======== Dataset content
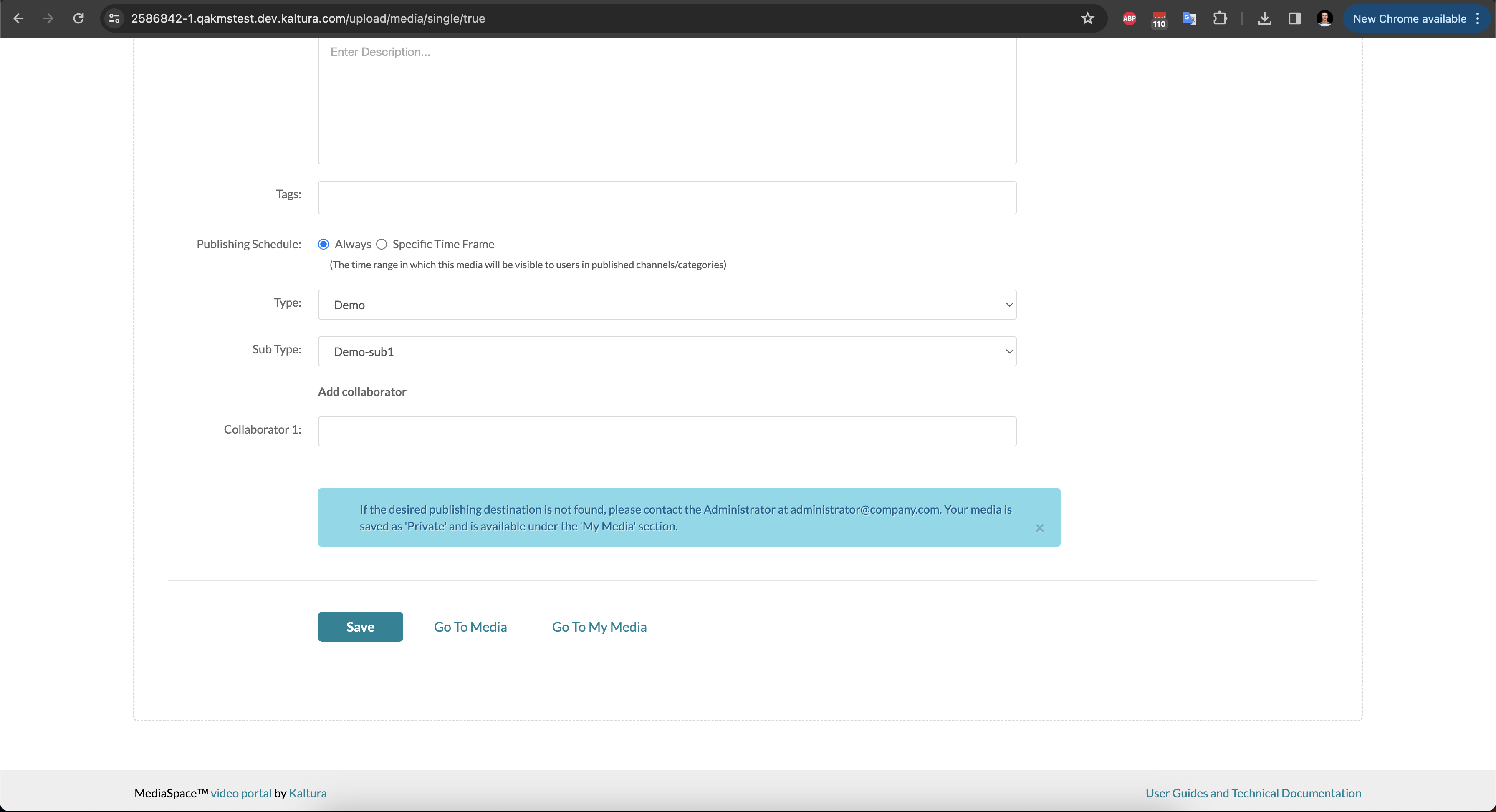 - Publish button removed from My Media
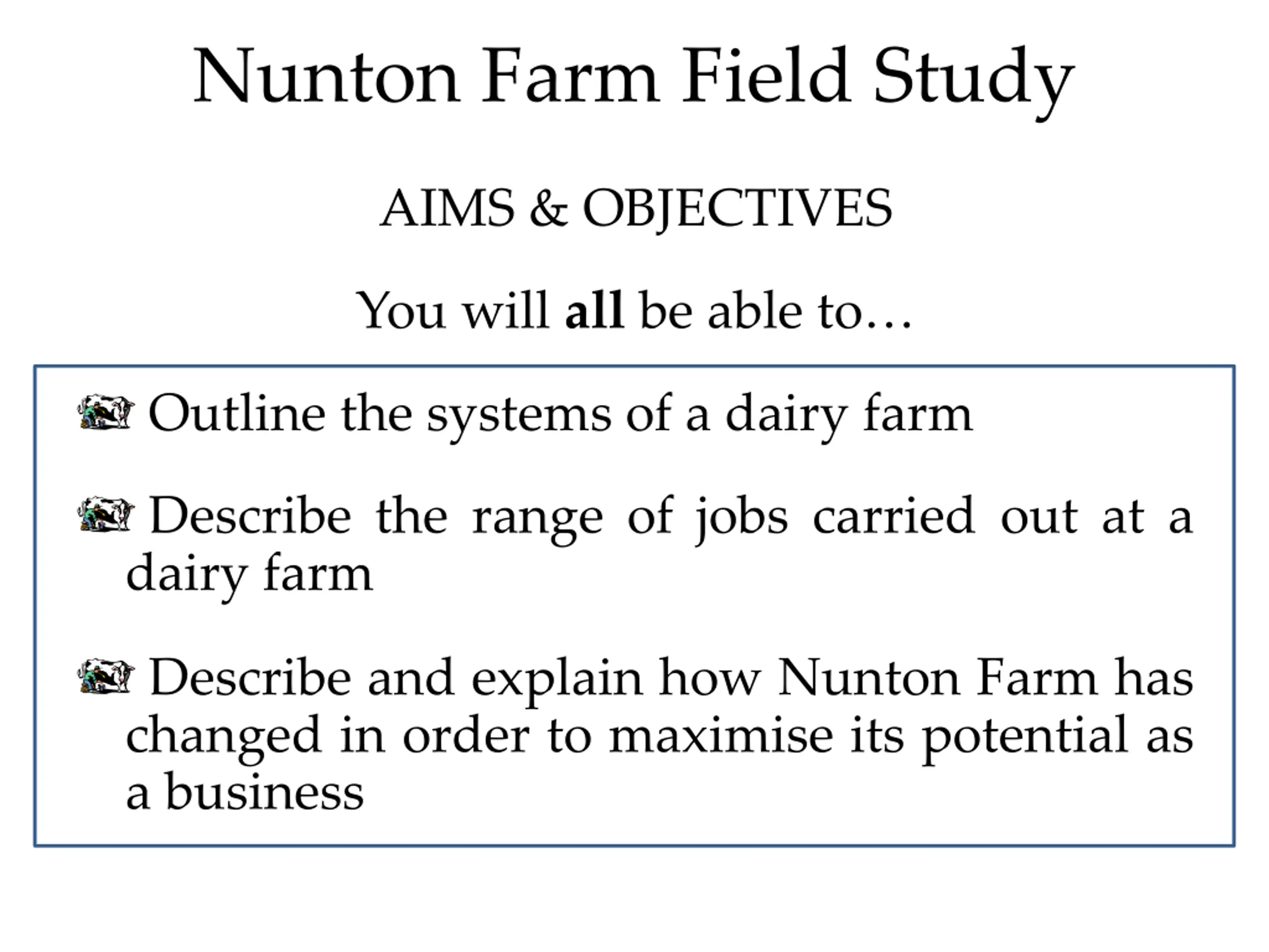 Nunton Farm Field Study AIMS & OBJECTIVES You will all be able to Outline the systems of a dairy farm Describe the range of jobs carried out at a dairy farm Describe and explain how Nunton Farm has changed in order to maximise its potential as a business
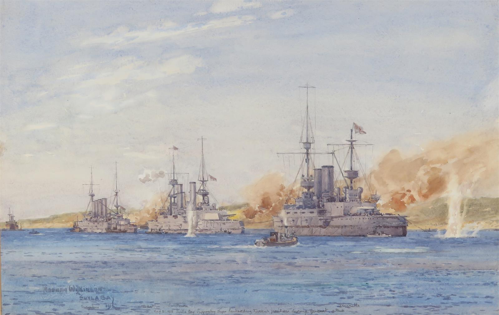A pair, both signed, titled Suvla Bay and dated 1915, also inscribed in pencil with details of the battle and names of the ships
================
## [Task to carry out]
The entire listing above, word for word and without pictures, is what should be output.

## [Answer below]
 - Publish button removed from My Media
 Nunton Farm Field Study AIMS & OBJECTIVES You will all be able to Outline the systems of a dairy farm Describe the range of jobs carried out at a dairy farm Describe and explain how Nunton Farm has changed in order to maximise its potential as a business
A pair, both signed, titled Suvla Bay and dated 1915, also inscribed in pencil with details of the battle and names of the ships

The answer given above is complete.